Occupation warplanes have launched one of the heaviest waves of raids in weeks, flattening residential towers, schools, and displacement shelters across Gaza City. Fires burn through entire blocks as civil defense teams struggle to reach the wounded.
Confirmed targets so far:
– Al-Sitt Sura, Shuheibar, and Al-Aliya schools in Sweidi Al-Shati, sheltering hundreds of displaced families.
– Al-Noor Tower near the Ministry of Education, completely destroyed.
– Harz, Karizm, Skeik, Dawood, Al-Dallo, and Ashour residential buildings reduced to rubble.
– Multiple homes hit: Lothan, Al-Nadim, Al-Jarousha, Al-Madhoun, Abu Mar’i, Madoukh, Harz, Abu Suweirih, Daghmash, Al-Ifrangi, Al-Sharif.

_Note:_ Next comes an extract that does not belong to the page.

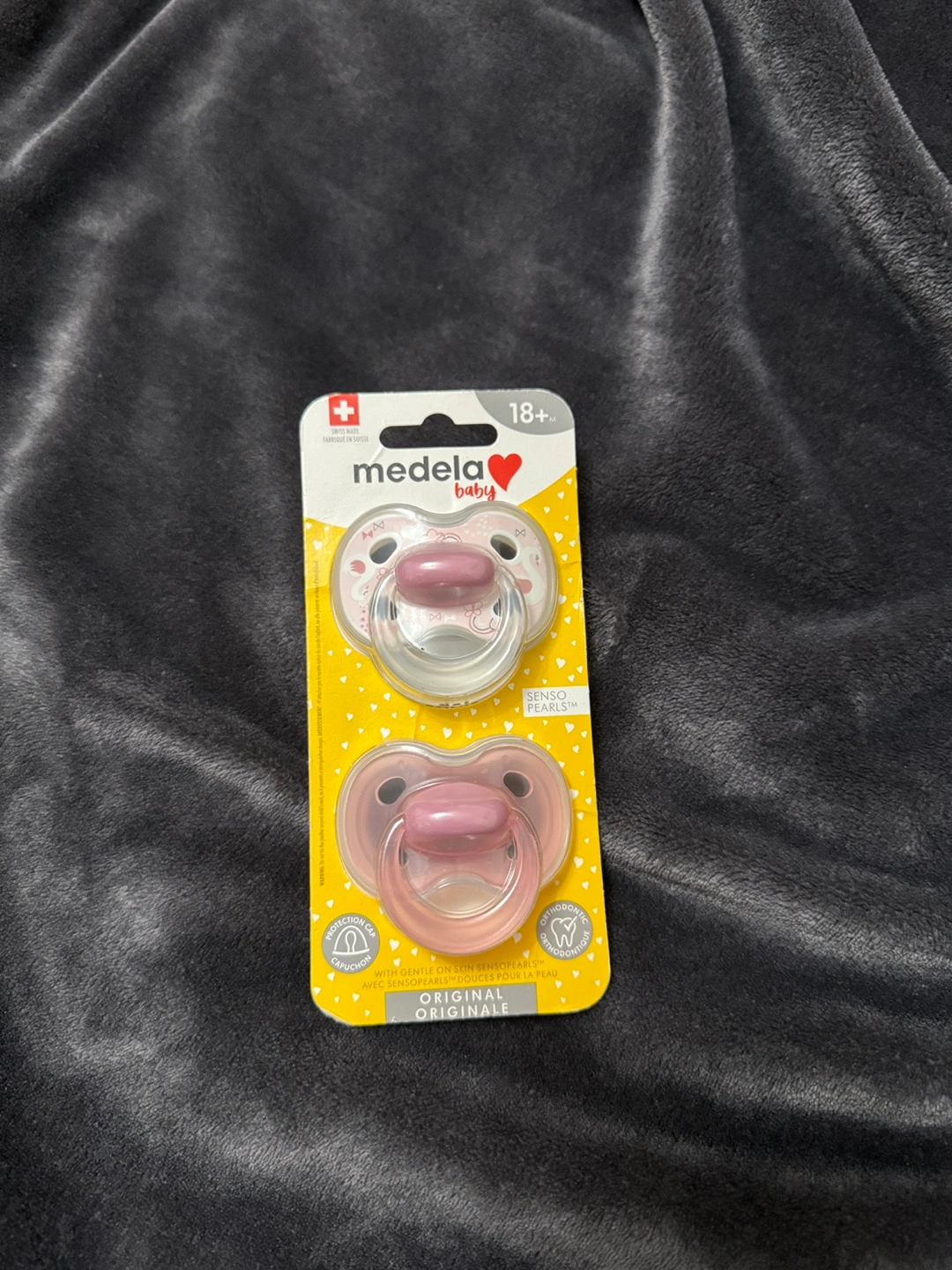 Two Medela baby pacifiers. Size 18+. New in package. Features Sensopearls for gentle skin contact. Orthodontic design.

– Public prosecution offices, the old TV building, internal security headquarters, and intelligence towers struck repeatedly.
– A displaced persons’ tent at Palestine Stadium targeted.
– Strikes west of Al-Quds Hospital and near Al-Sham’a Mosque in Al-Zaytoun.
Casualty reports are still coming in, with martyrs and wounded pulled from collapsed buildings at Al-Ghafri junction and Al-Yarmouk Street.
The scale of destruction is total war on civilian infrastructure, schools, courts, homes, and shelters bombed in succession. Gaza City is burning.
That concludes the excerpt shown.